What you have to do: Output every entry below exactly, without its pictures.

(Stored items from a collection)

Content starts

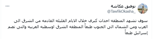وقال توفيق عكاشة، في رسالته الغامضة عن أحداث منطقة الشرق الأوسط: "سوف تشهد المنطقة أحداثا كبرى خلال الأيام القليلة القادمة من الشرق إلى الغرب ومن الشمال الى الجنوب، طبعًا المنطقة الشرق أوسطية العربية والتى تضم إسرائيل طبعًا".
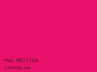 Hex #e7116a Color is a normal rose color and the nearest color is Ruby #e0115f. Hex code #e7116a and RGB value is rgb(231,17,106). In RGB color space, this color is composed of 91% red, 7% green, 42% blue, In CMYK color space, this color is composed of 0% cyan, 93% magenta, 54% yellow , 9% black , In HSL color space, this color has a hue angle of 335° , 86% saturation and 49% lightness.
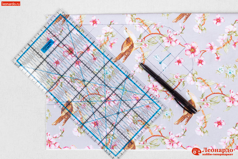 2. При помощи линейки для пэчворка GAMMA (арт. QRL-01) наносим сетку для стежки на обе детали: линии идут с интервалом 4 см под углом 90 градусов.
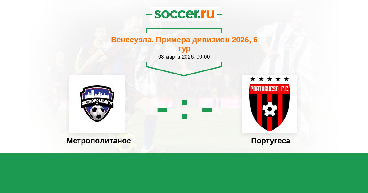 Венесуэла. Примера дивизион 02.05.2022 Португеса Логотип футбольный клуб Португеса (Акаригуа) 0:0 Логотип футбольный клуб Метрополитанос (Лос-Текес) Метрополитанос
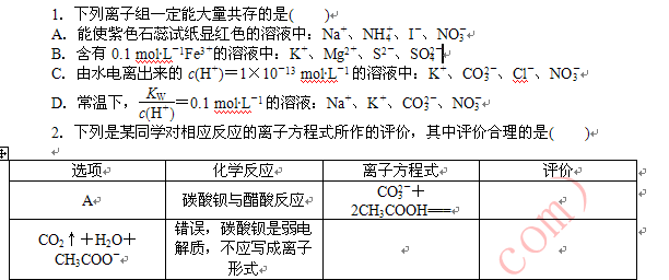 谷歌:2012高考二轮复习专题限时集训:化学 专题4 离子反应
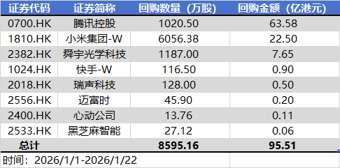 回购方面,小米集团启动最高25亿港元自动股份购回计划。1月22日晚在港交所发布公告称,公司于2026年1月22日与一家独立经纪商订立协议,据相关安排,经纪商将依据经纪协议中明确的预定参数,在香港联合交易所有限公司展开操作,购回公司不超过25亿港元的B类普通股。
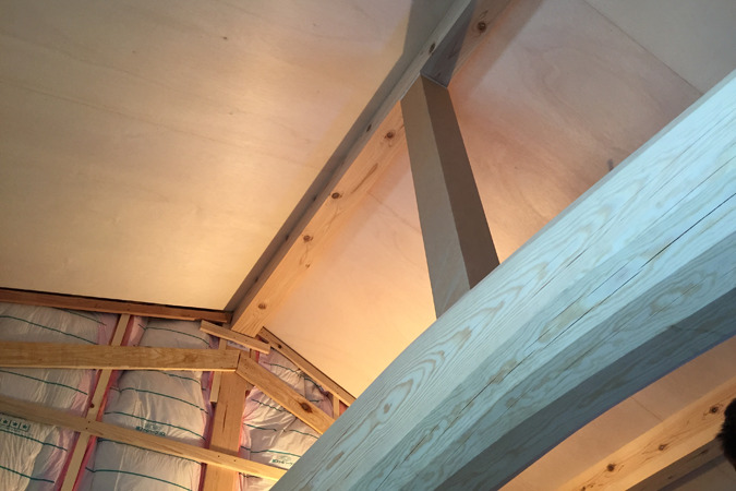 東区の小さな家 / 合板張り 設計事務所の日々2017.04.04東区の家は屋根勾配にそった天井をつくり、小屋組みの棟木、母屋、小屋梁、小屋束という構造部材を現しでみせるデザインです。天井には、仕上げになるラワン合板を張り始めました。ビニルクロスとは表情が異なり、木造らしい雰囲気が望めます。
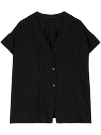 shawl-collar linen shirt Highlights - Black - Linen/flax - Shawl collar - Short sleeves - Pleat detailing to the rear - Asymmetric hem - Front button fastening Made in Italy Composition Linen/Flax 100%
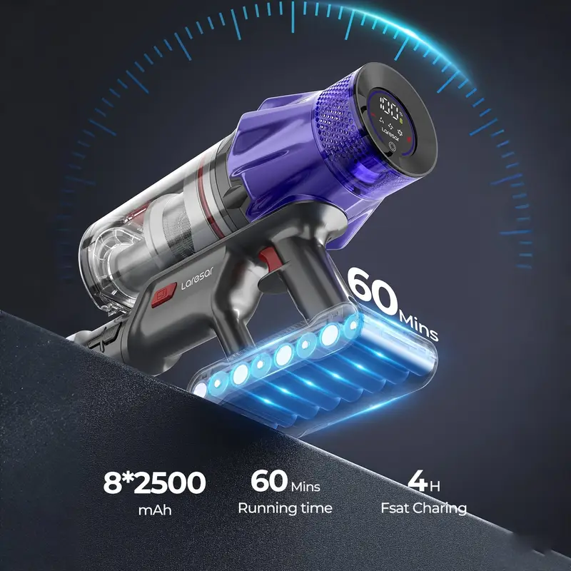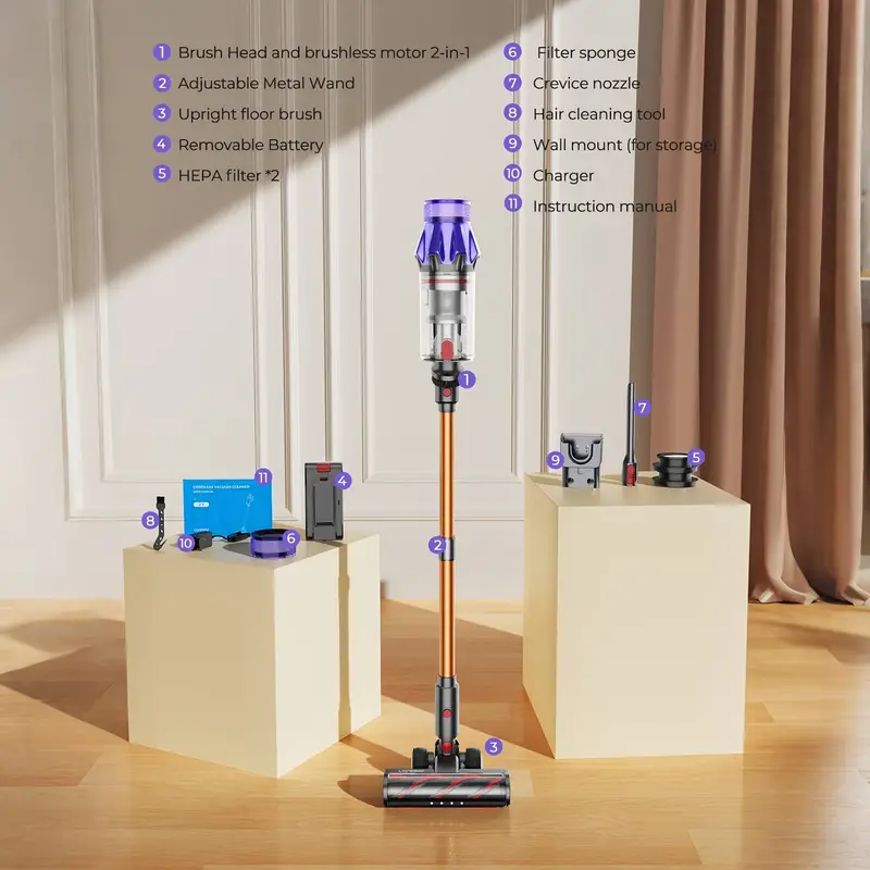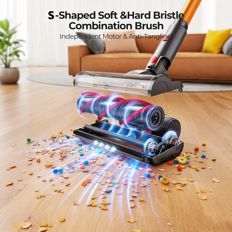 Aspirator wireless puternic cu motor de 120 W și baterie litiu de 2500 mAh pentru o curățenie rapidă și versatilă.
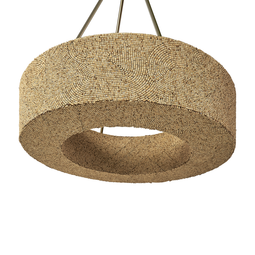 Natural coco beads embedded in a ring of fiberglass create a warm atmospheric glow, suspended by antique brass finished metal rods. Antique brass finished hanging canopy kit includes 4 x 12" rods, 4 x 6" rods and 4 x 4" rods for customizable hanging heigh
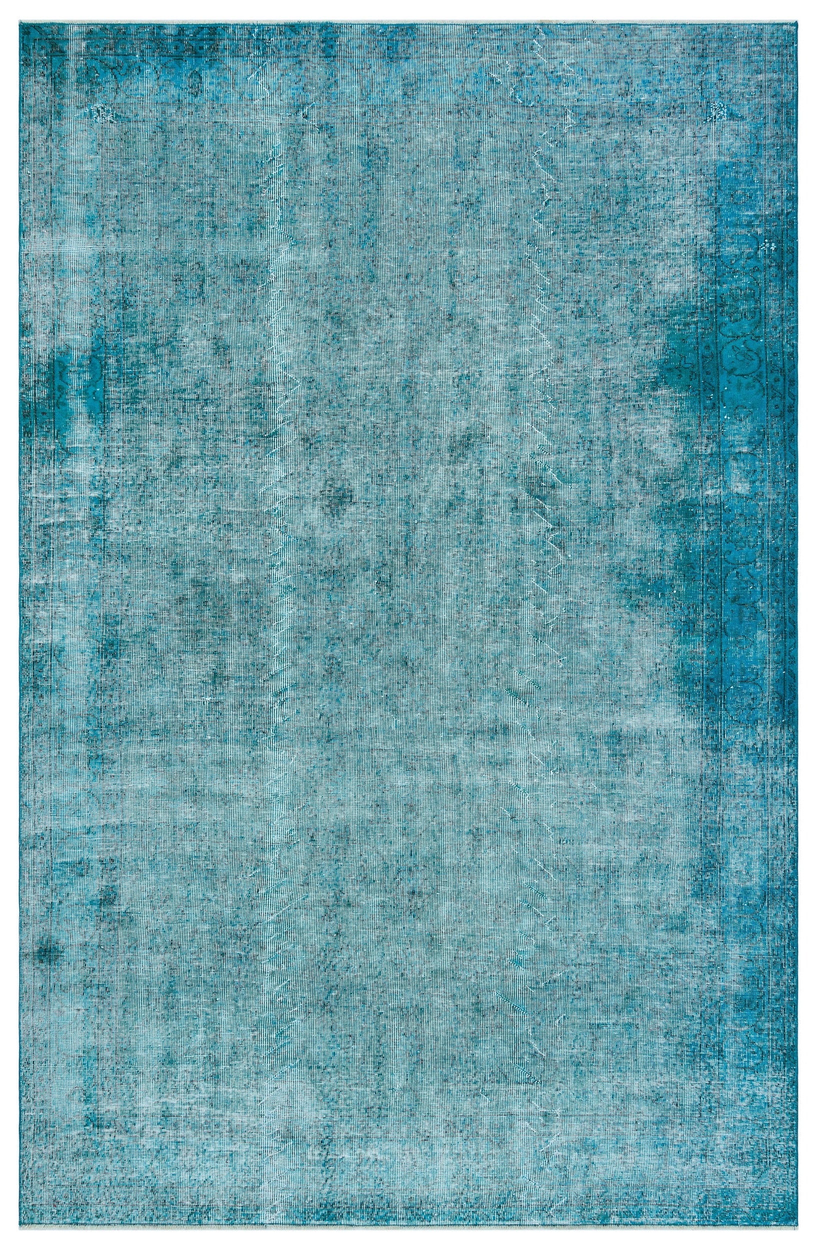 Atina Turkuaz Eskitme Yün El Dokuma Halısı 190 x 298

Content ends

Answer section:
وقال توفيق عكاشة، في رسالته الغامضة عن أحداث منطقة الشرق الأوسط: "سوف تشهد المنطقة أحداثا كبرى خلال الأيام القليلة القادمة من الشرق إلى الغرب ومن الشمال الى الجنوب، طبعًا المنطقة الشرق أوسطية العربية والتى تضم إسرائيل طبعًا".
 Hex #e7116a Color is a normal rose color and the nearest color is Ruby #e0115f. Hex code #e7116a and RGB value is rgb(231,17,106). In RGB color space, this color is composed of 91% red, 7% green, 42% blue, In CMYK color space, this color is composed of 0% cyan, 93% magenta, 54% yellow , 9% black , In HSL color space, this color has a hue angle of 335° , 86% saturation and 49% lightness.
 2. При помощи линейки для пэчворка GAMMA (арт. QRL-01) наносим сетку для стежки на обе детали: линии идут с интервалом 4 см под углом 90 градусов.
 Венесуэла. Примера дивизион 02.05.2022 Португеса Логотип футбольный клуб Португеса (Акаригуа) 0:0 Логотип футбольный клуб Метрополитанос (Лос-Текес) Метрополитанос
 谷歌:2012高考二轮复习专题限时集训:化学 专题4 离子反应
 回购方面,小米集团启动最高25亿港元自动股份购回计划。1月22日晚在港交所发布公告称,公司于2026年1月22日与一家独立经纪商订立协议,据相关安排,经纪商将依据经纪协议中明确的预定参数,在香港联合交易所有限公司展开操作,购回公司不超过25亿港元的B类普通股。
 東区の小さな家 / 合板張り 設計事務所の日々2017.04.04東区の家は屋根勾配にそった天井をつくり、小屋組みの棟木、母屋、小屋梁、小屋束という構造部材を現しでみせるデザインです。天井には、仕上げになるラワン合板を張り始めました。ビニルクロスとは表情が異なり、木造らしい雰囲気が望めます。
 shawl-collar linen shirt Highlights - Black - Linen/flax - Shawl collar - Short sleeves - Pleat detailing to the rear - Asymmetric hem - Front button fastening Made in Italy Composition Linen/Flax 100%
 Aspirator wireless puternic cu motor de 120 W și baterie litiu de 2500 mAh pentru o curățenie rapidă și versatilă.
 Natural coco beads embedded in a ring of fiberglass create a warm atmospheric glow, suspended by antique brass finished metal rods. Antique brass finished hanging canopy kit includes 4 x 12" rods, 4 x 6" rods and 4 x 4" rods for customizable hanging heigh
 Atina Turkuaz Eskitme Yün El Dokuma Halısı 190 x 298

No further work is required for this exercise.